The first military commander in the occupied territory was General der Flieger Helmuth Förster, a Luftwaffe officer, appointed on 20 April 1941,[13] assisted by the chief of the administrative staff, SS-Brigadeführer and State Councillor, Dr. Harald Turner.
[14] A further key figure in the initial German administration was SS-Standartenführer Wilhelm Fuchs, who commanded Einsatzgruppe Serbia, which was a grouping that included various detachments of the Reich Security Main Office (German: Reichssicherheitshauptamt, RSHA), including Gestapo (Secret State Police), Kriminalpolizei (Criminal Police, or Kripo), and Ausland-Sicherheitsdienst (Foreign Security Service, or Ausland-SD).
Consideration was given to appointing Belgrade police chief Dragomir Jovanović, but the German Military Commander in Serbia selected former Yugoslav Minister of Internal Affairs Milan Aćimović.
Jews were removed from all official posts by 14 May, and a series of anti-Jewish laws were passed prohibiting them from activities ranging from going to restaurants to riding streetcars.

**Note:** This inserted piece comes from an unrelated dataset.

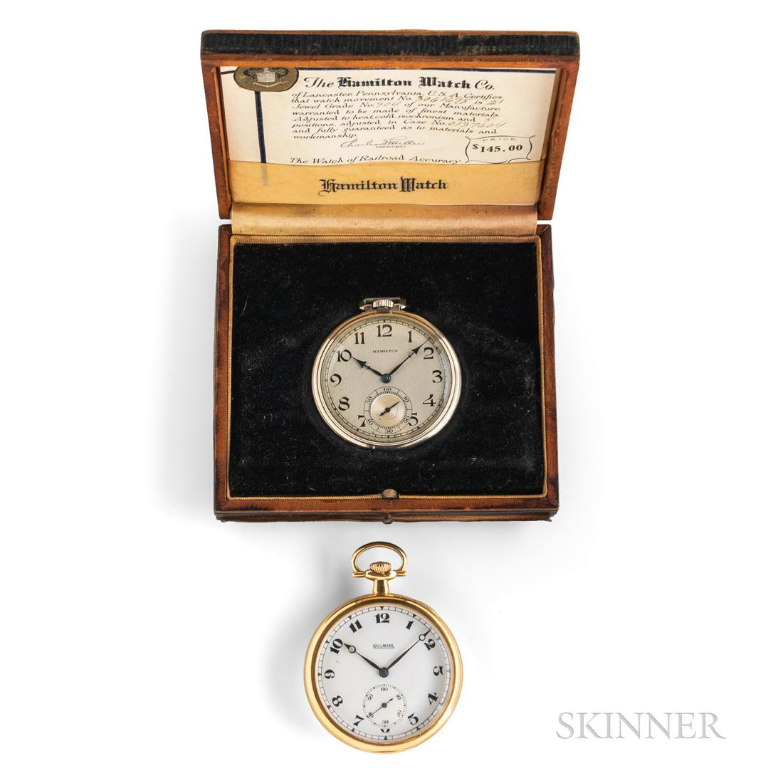 A lot of two gold pocket watch (2) Various datesLot of 5 Gold Plated Pocket Watches, Waltham, Zenith, A.C. Routier Quebec330 Lots AwayE. HOWARD 17-JEWEL MODEL 1912 POCKET WATCHES, LOT OF TWOMar 04, 2026HAMILTON 21-JEWEL GRADE 992 MODEL 2 POCKET WATCHES, LOT OF TWOMar 04, 2026HAMILTON 17-JEWEL MODEL 1 AND 2 POCKET WATCHES, LOT OF FIVEMar 04, 2026A lot of two 9K gold pocket watches (2) Various datesA lot of three gold open face pocket watch Various datesHAMILTON 17-JEWEL MODEL 1 AND 2 POCKET WATCHES, LOT OF FIVEMar 04, 2026E. HOWARD 17- AND 19-JEWEL POCKET WATCHES AND PRESENTATION BOX, LOT OF THREEMar 04, 2026A lot of three silver pocket watches including a quarter repeater (3) Various datesHAMILTON 17- AND 23-JEWEL MODEL 1 POCKET WATCHES AND PRESENTATION BOX, LOT OF FOURMar 04, 2026A lot of gold pocket watch with two gold plated pocket watches (3) Various datesHAMPDEN 16- AND 17-JEWEL MODEL 3, 4, AND 5 POCKET WATCHES, LOT OF FOURMar 04, 2026An 18K gold keyless wind open face pocket watch Circa 1900An 18K gold keyless wind open face pocket watch London Import mark for 1932An 18K gold key wind open face pocket watch London Hallmark for 1887

In the same month, an order from Aćimović's Ministry of Internal Affairs (Serbo-Croatian: Ministarstvo unutrašnjih poslova, MUP) also mentioned a plan to establish a concentration camp to hold known communists and other persons.

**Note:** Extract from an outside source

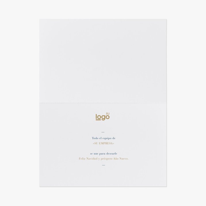 Envíe sus felicitaciones navideñas con una tarjeta impresa en papel certificado ECF, TCF et FSC®, de primera calidad y personalizable con su logotipo, datos de contacto y sitio web.

In addition to his role as the administrator of Belgrade, Jovanović was also the chief of Serbian State Security for Aćimović's puppet regime.
The committee consisted of Jovanović's deputy city administrator, Miodrag Đorđević, the chief engineer of Belgrade, Milan Janjušević, and an unnamed representative of the Gestapo.
The committee chose the former barracks of the Royal Yugoslav Army's 18th Infantry Regiment, located in the Belgrade suburb of Banjica.
The wall was completed within a month, and was 5 metres (16 ft) high, enclosing the camp in the form of a pentagon, with towers set at each corner in which machine guns and searchlights were mounted.
After the war, while he was being interrogated, Jovanović explained that this division had come about when "the Gestapo arrived one day without warning and decreed that one-third of the camp would belong to the Serbian authorities, and the rest they took for their prisoners".
[33] Most of the inmates were individuals affiliated with the Communist Party of Yugoslavia (Serbo-Croatian: Komunistička partija Jugoslavije; KPJ) or participants in that summer's anti-fascist uprising.
These rules prohibited singing, speaking loudly, having conversations on political subjects, possessing writing utensils and paper, and all other personal belongings.
Despite this, imprisoned anti-fascists defied the Germans by singing Partisan songs, shouting their support for Tito and Stalin, and by holding lectures, discussions, one-act plays, recitals, and even folk-song and dance performances on the campgrounds.
[37] Those committed by the SP UGB and the SDS were carried out under the orders of Belgrade police commissioner Svetozar Vujković, a noted sadist who collaborated enthusiastically with the Germans, interrogated prisoners and devised a number of humiliating torture techniques.
Executions occurred frequently at Vujković's whim and he rarely asked for approval from German or Serbian authorities to carry out murders.
A surviving member of the chain gang, Momčilo Damjanović, testified that the incineration of the corpses was organized by a unit of the Kommando 1005, headed by SS-Standartenführer [Colonel] Paul Blobel, the man responsible for erasing traces of German atrocities throughout German-occupied Europe.
[45] According to the Encyclopedia of the Holocaust: In November 1943 SS-Standartenführer Paul Blobel, the officer in charge of Aktion 1005, came to Belgrade in order to set up a unit that would disinter the bodies of the murder victims and burn them.
[35] After the war, Banjica's German commander, Willy Friedrich, was tried by a Yugoslav military court in Belgrade on 27 March 1947, and was sentenced to death.
[50] Historian Jozo Tomasevich calls Banjica the most notorious concentration camp in Serbia during World War II.